Казалось, мой вопрос ее удивил.
— Я спрашиваю об этом потому, что мать моего друга и аптекарша из Плато-д’Асси часто употребляли это слово…
— Этим словом пользовался сам Гурджиев, — ответила она. — «Рабочие группы»… «работа над собой»…
Но я думаю, ей не хотелось пускаться со мной в более конкретные объяснения о доктрине Георгия Ивановича Гурджиева.
— Ваша подруга Женевьева… — вдруг сказала она. — Просто невероятно, до чего она похожа на Ирен… Увидев ее впервые в том кафе напротив Валь-де-Грас, я испытала шок… Мне показалось, что это Ирен…
Меня нисколько не озадачило ее признание. Так много странных слов я слышал еще в детстве из-за приоткрытых дверей, тонких стен гостиничных номеров, в кафе, залах ожидания, ночных поездах…
— Я очень беспокоюсь за Женевьеву… Вот о чем я хотела с вами поговорить…
— Беспокоитесь? Почему?
— Она так странно живет… как будто иногда собственная жизнь ее не касается… Вы не находите?
— Нет.
— Любопытно, почему вам это невдомек… Иной раз кажется, что она идет мимо своей жизни… Вы не замечали? Она никогда не напоминала вам сомнамбулу?
Это слово было связано для меня с названием балета, виденного в детстве и оставшегося прекрасным воспоминанием. Я пытался найти сходство между Женевьевой Далам и той балериной, которая медленно, вытянув вперед руки, поднималась по лестнице.

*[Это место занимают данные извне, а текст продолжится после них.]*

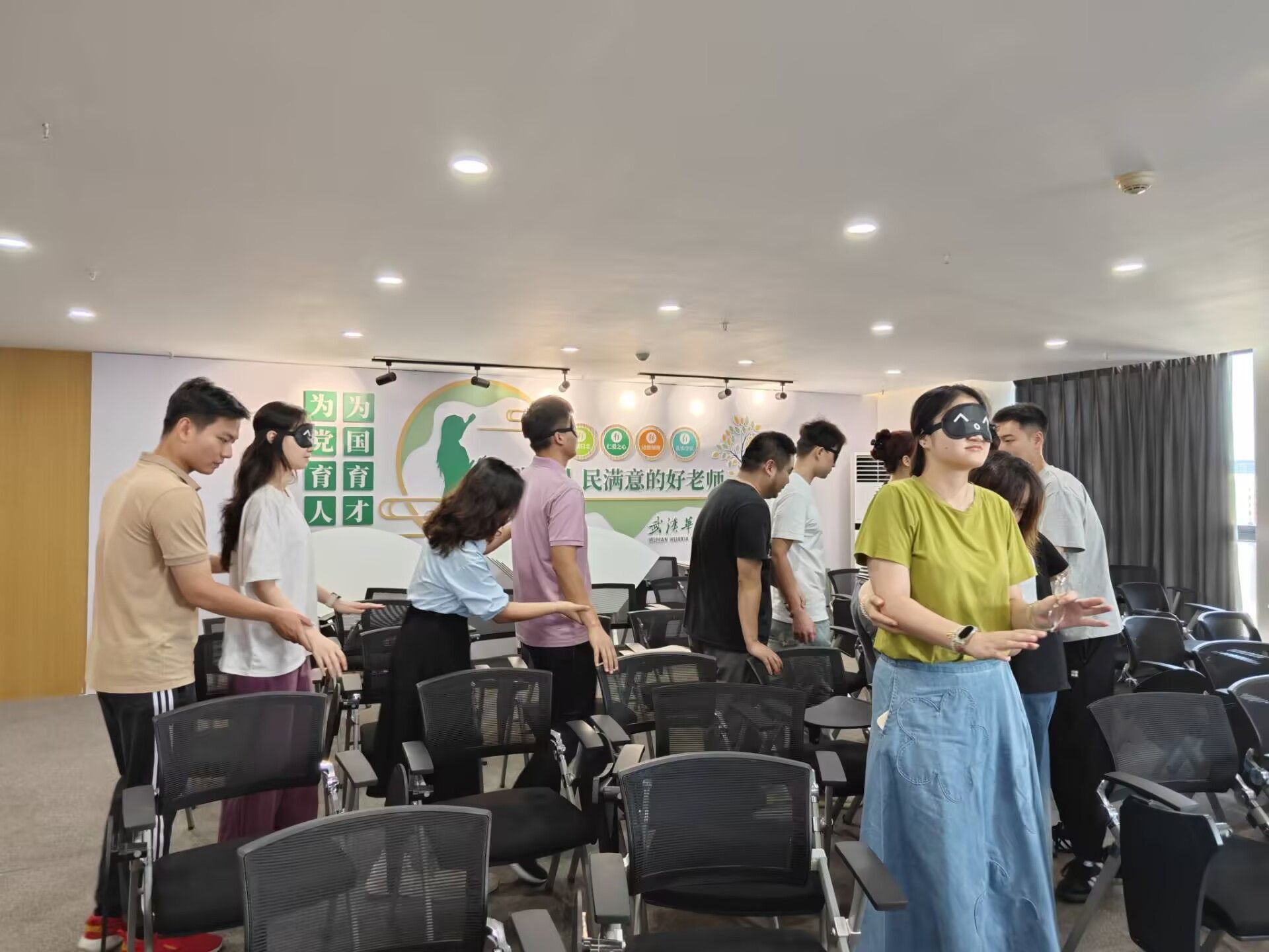 会议首项议程为集体备课环节。韩志来主任以“沉浸式体验”为切入点,带领团队开展热身活动示范,通过“放松按摩”游戏迅速活跃现场氛围。随后,他详细解读实践课分组原则,按照不同人数、沟通需求进行班级分组。在主体活动“盲行”演示中,韩主任邀请教师代表扮演“引导者”与“盲者”,通过蒙眼行走、信任对话等环节,直观呈现课程设计意图。参会教师围绕场地安全、突发干预等细节展开研讨,为大学生心理健康课程的有序开展提供了保障。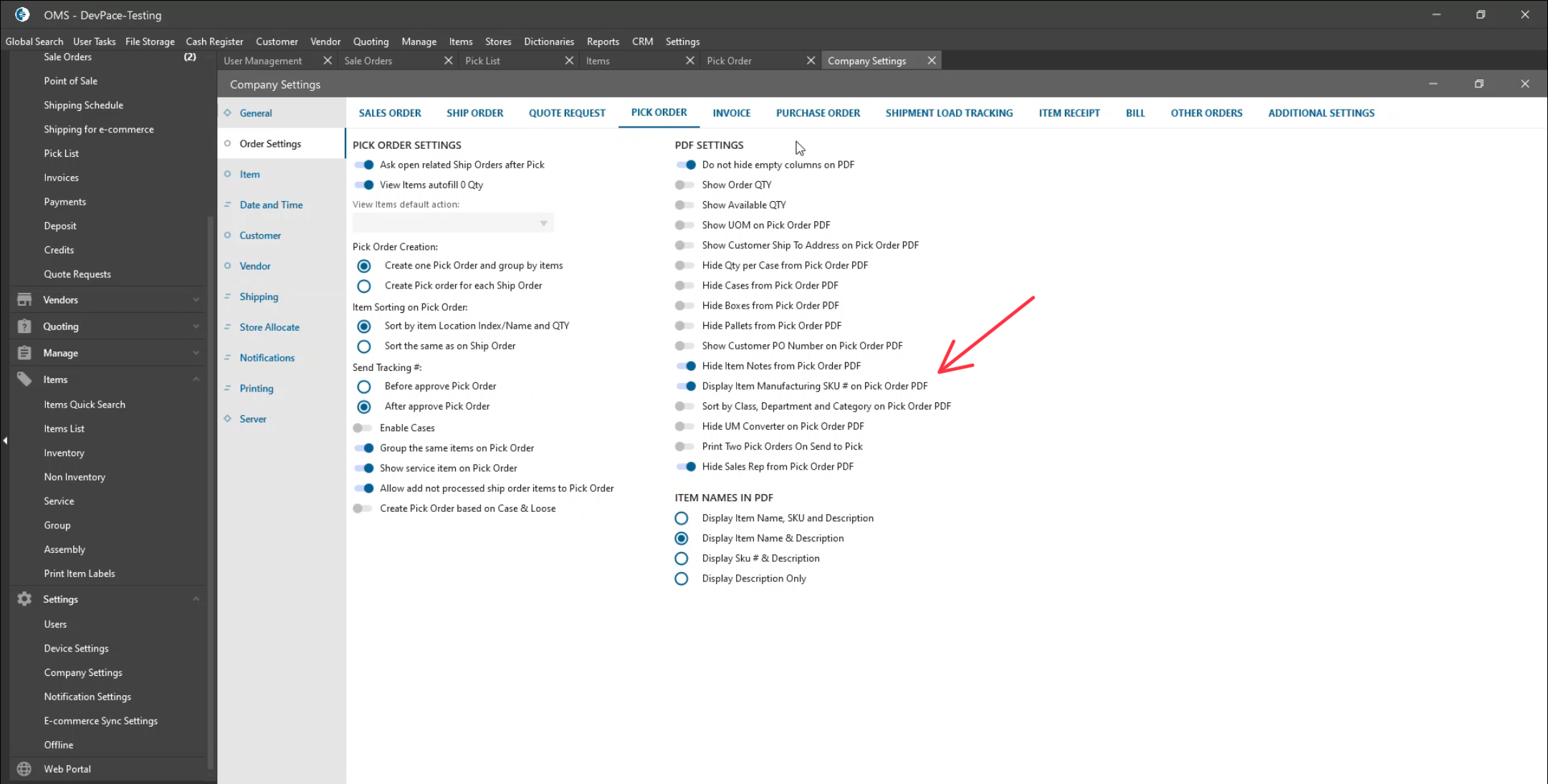 - if the “Display Item Manufacturing SKU# on Pick Order PDF” checkbox in the Company Settings is checked -> the column is displayed;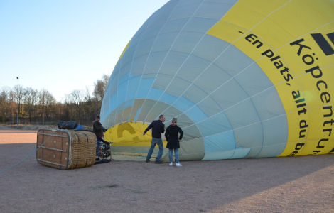 Altran-ballongen kom först upp i luften. Tanken var nu att flyga ut mot Herrestad.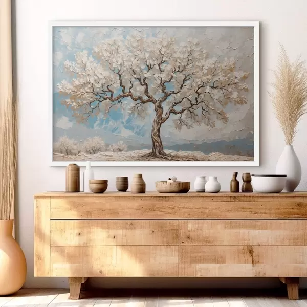 Plakatas Baltas medis mėlyname-baltame fone f42275
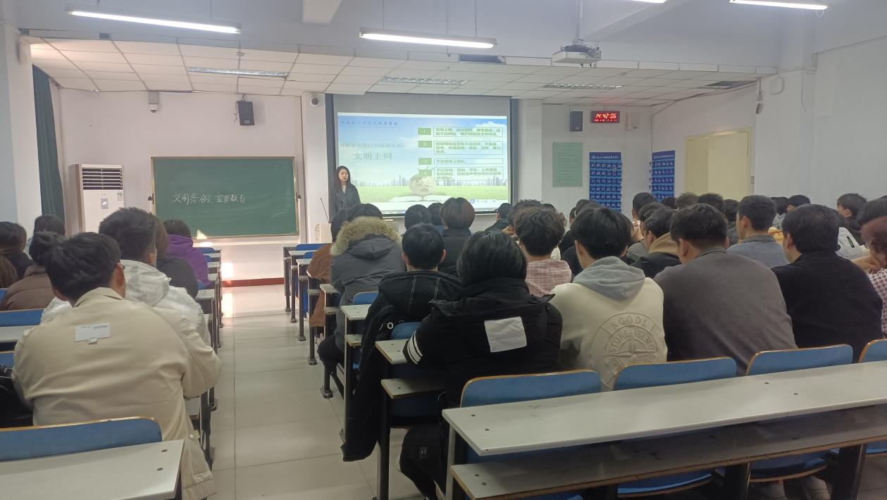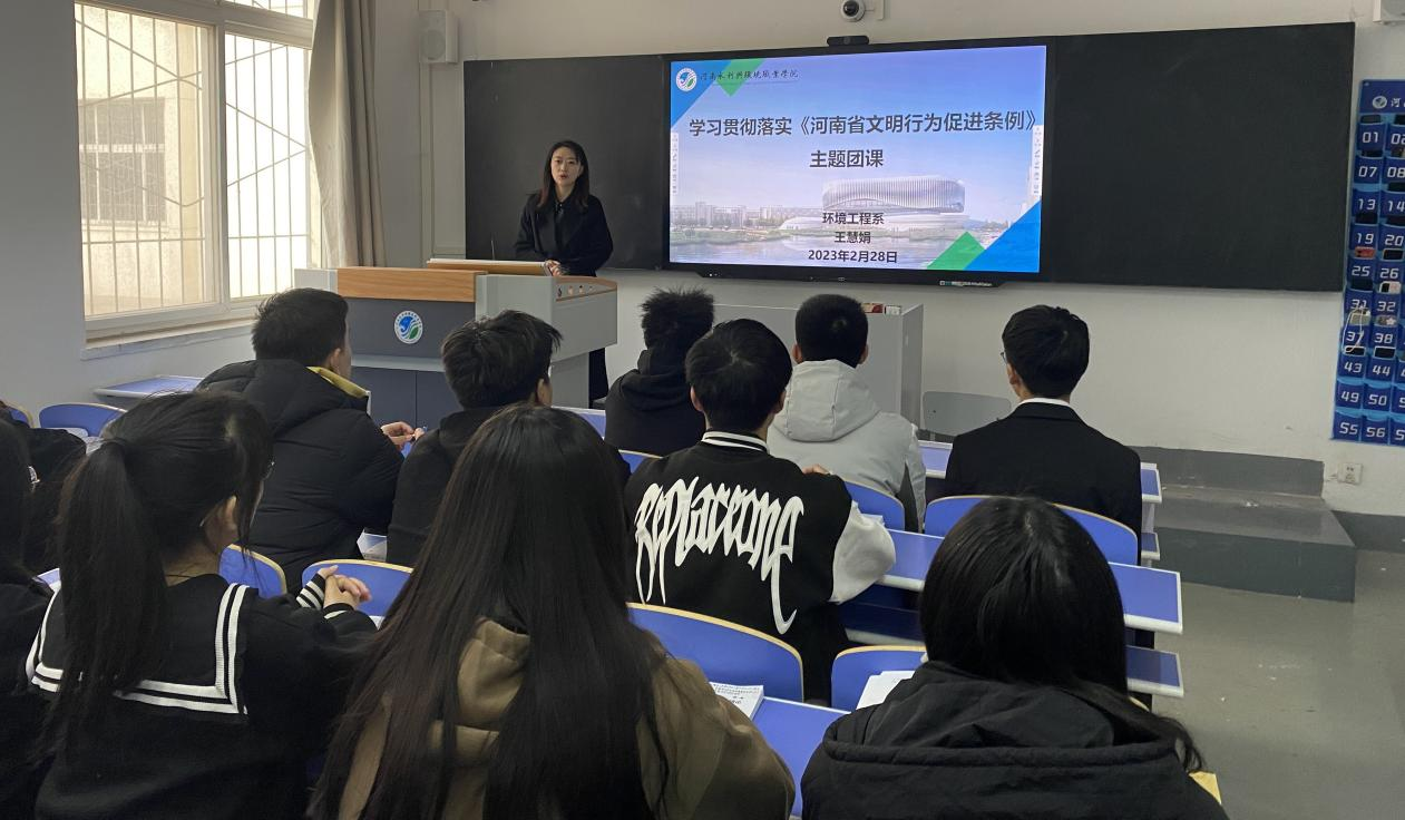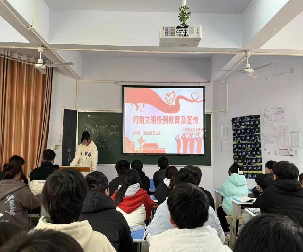 各系(校区)以团课形式,组织学生观看《河南省文明行为促进条例》专题视频,并通过摆放主题展板等形式,营造了学习《条例》的良好氛围。学生们纷纷表示,要自觉遵守《条例》规定,深入践行社会主义核心价值观,不断提升个人文明素养,争做文明行为的践行者、文明风尚的传播者,展现新时代大学生的文明风采。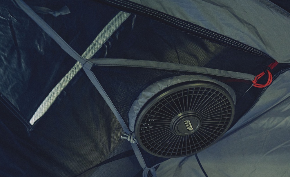 コールマンの「リバーシブルファンベンチレーション」は、専用テントに装着できる電動ファンで、内部の空気を効率よく入れ替えられるため、テント内でも快適な眠りをサポートします。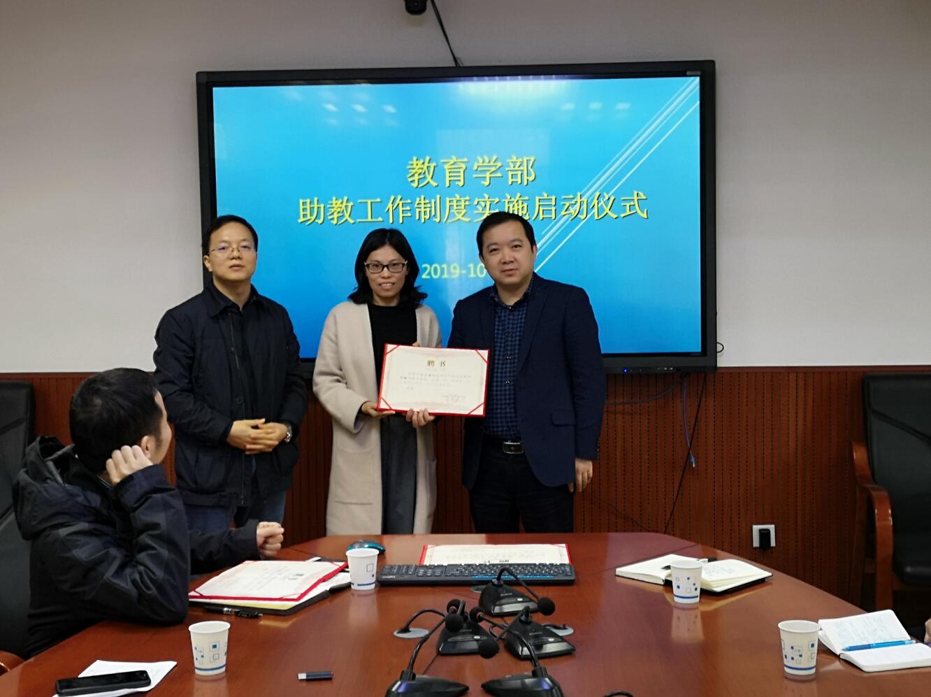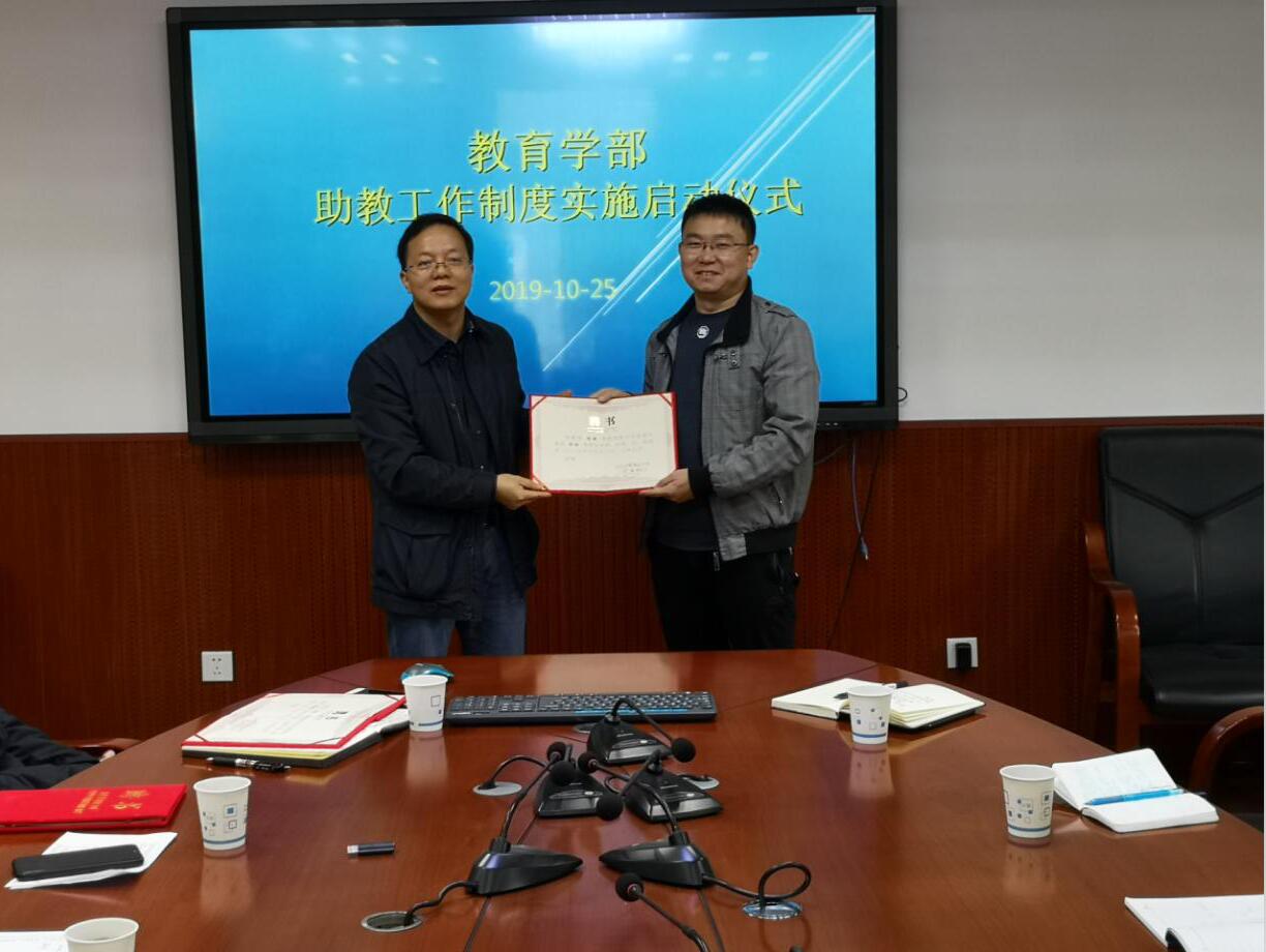 在启动仪式上,副部长彭泽平教授首先从助教制度的宗旨、目标、助教工作基本任务、助教指导教师的职责、助教工作的考核、助教工作的管理几方面介绍了学部的助教工作方案;之后,彭泽平教授代表学部对助教指导教师发放了助教指导教师聘书。
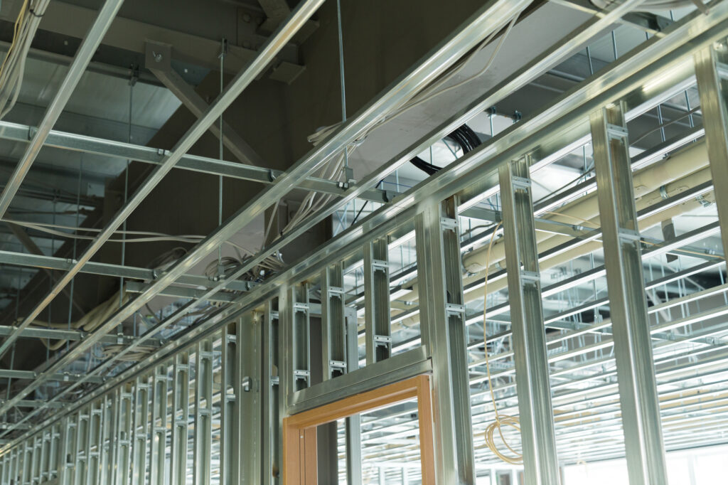 まず、LGSとよばれる軽量鉄骨を組合わせて骨組みをつくり、部屋を仕切る壁や(もちろん躯体の壁の上からも)天井に張り巡らせます。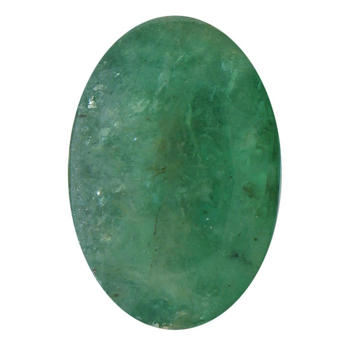One oval cut natural emerald, measuring 13.00 x 8.90 x 6.20mm, exact weight 4.86ct., clarity is heavily included, type III, medium dark, very slightly grayish, very slightly bluish green color, (GIA vslbG 6/3) Westfield Appraised.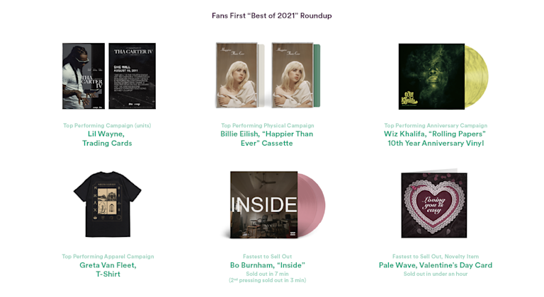 Creating unique merch has not only allowed artists to stand out with their Fans First offers, but it’s helped them create a closer connection with fans. For inspiration, here are some of the top-performing Fans First merch campaigns from 2021: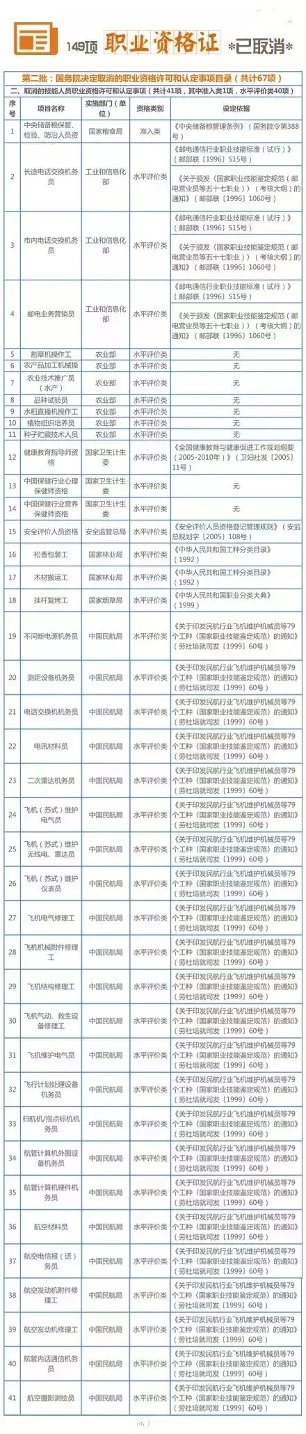 李克強總理在今年7月15日主持召開國務院常務會議。會議決定,在去年以來已取消149項職業資格的基礎上,再取消網絡廣告經紀人、注冊電子貿易師、全國外貿業務員、港口裝卸工等62項職業資格。還將繼續集中取消職業資格許可和認定事項。備考前要查清楚!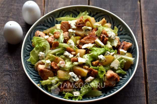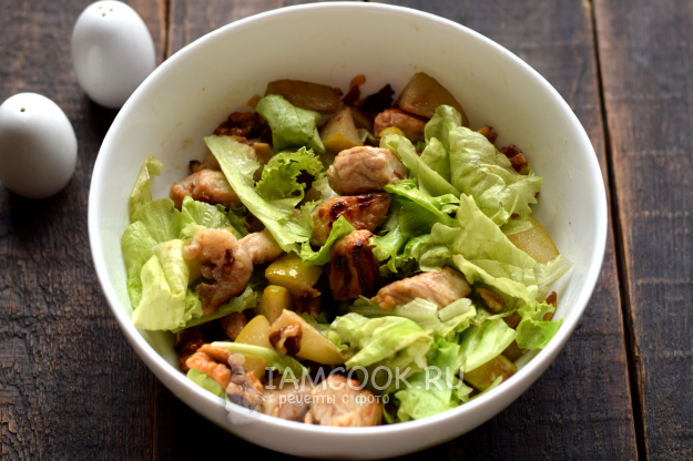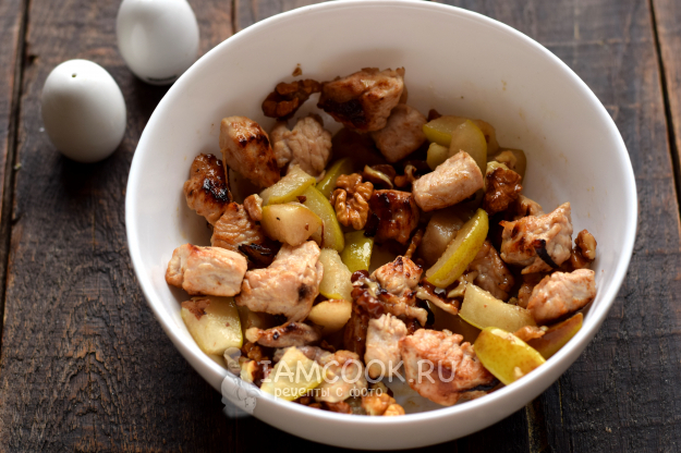 Жареную индейку соедините в одной емкости с карамелизированной грушей и орехами, перемешайте.

— Сомнамбулу… возможно, вы правы, — согласился я.
Мне не хотелось ей перечить.
— Ирен была в точности как она… в точности… Тоже временами будто отсутствовала… Я пыталась с этим бороться…
— А что думал об этом Гурджиев?
Я задал этот вопрос и сразу пожалел. Мне случалось в ту пору задавать такие вот неуместные вопросы. Просто чтобы прекратить разговор. Слушая людей и выказывая им максимум внимания, я порой испытывал чувство усталости и внезапное желание обрубить концы.